*Dataset content:*
——————
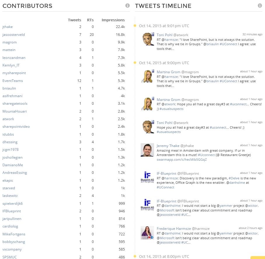 The reporting was done on the last conference day, Wednesday, 14th October, at 11pm and pulled numbers from Twitter with the hashtag #uconnect for the last 7 days with plusonesocial.com tool.
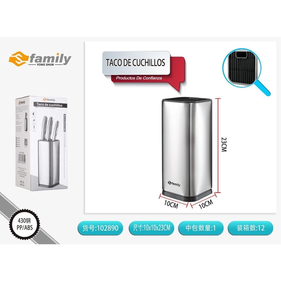 Bloque Cuchillo Acero Inoxidable 10x10x23 cm-Organizador Cubiertos
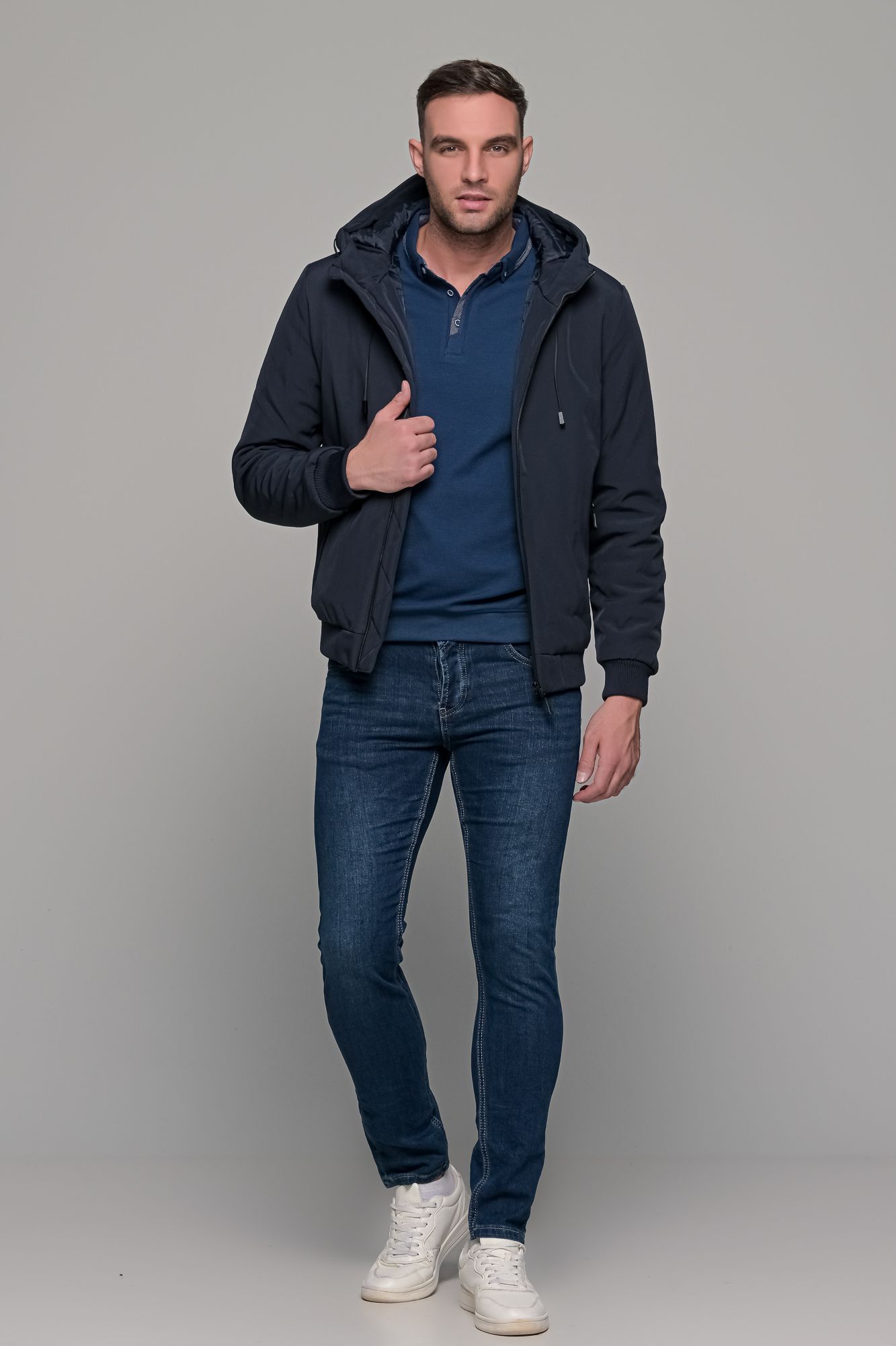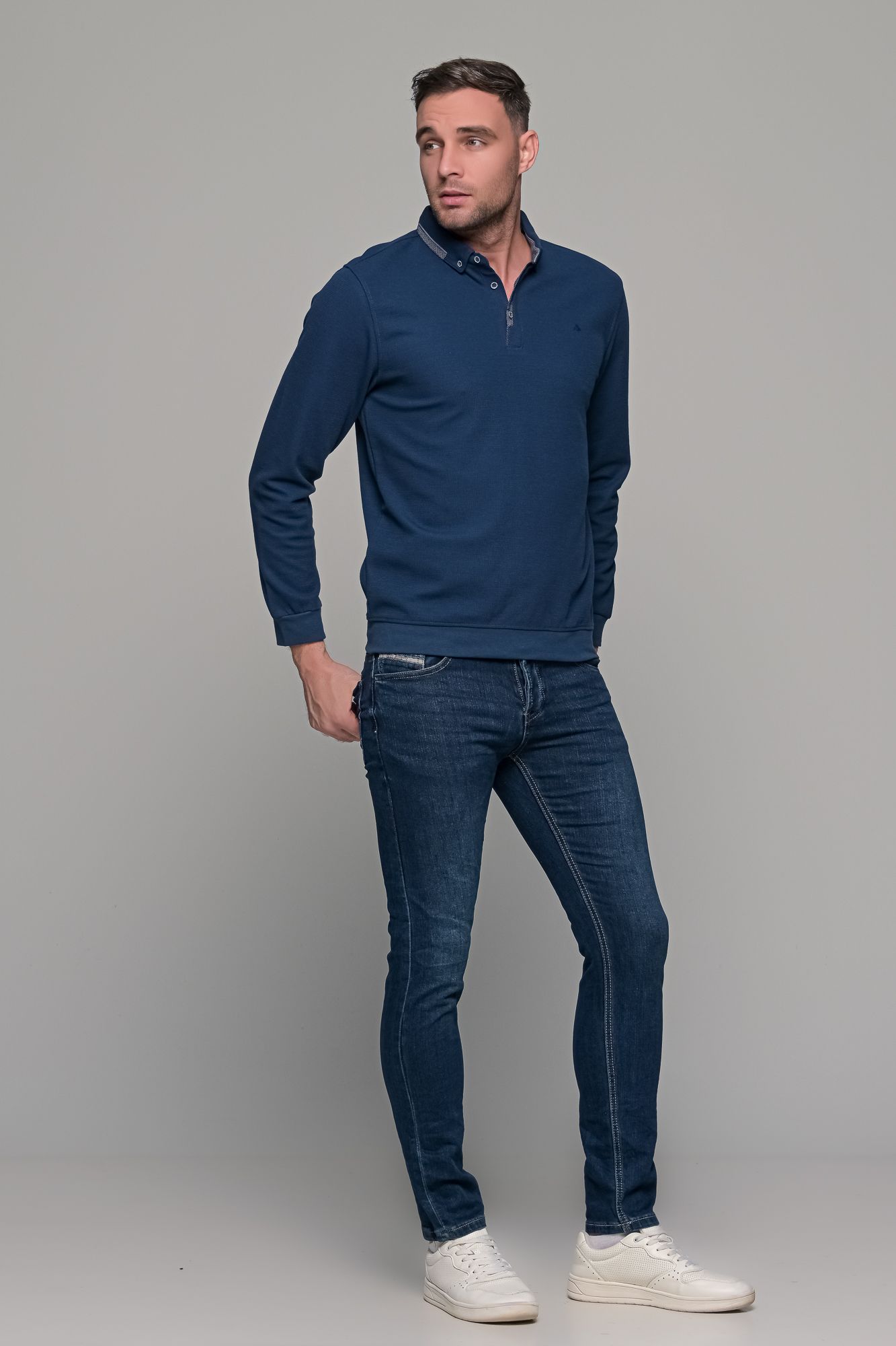 Μπλε ανδρικό πόλο μπλουζάκι με φερμουάρ MS
——————
*Problem description:*
Retype all the material word for word while skipping any picture it contains.

*Response below:*
 The reporting was done on the last conference day, Wednesday, 14th October, at 11pm and pulled numbers from Twitter with the hashtag #uconnect for the last 7 days with plusonesocial.com tool.
 Bloque Cuchillo Acero Inoxidable 10x10x23 cm-Organizador Cubiertos
 Μπλε ανδρικό πόλο μπλουζάκι με φερμουάρ MS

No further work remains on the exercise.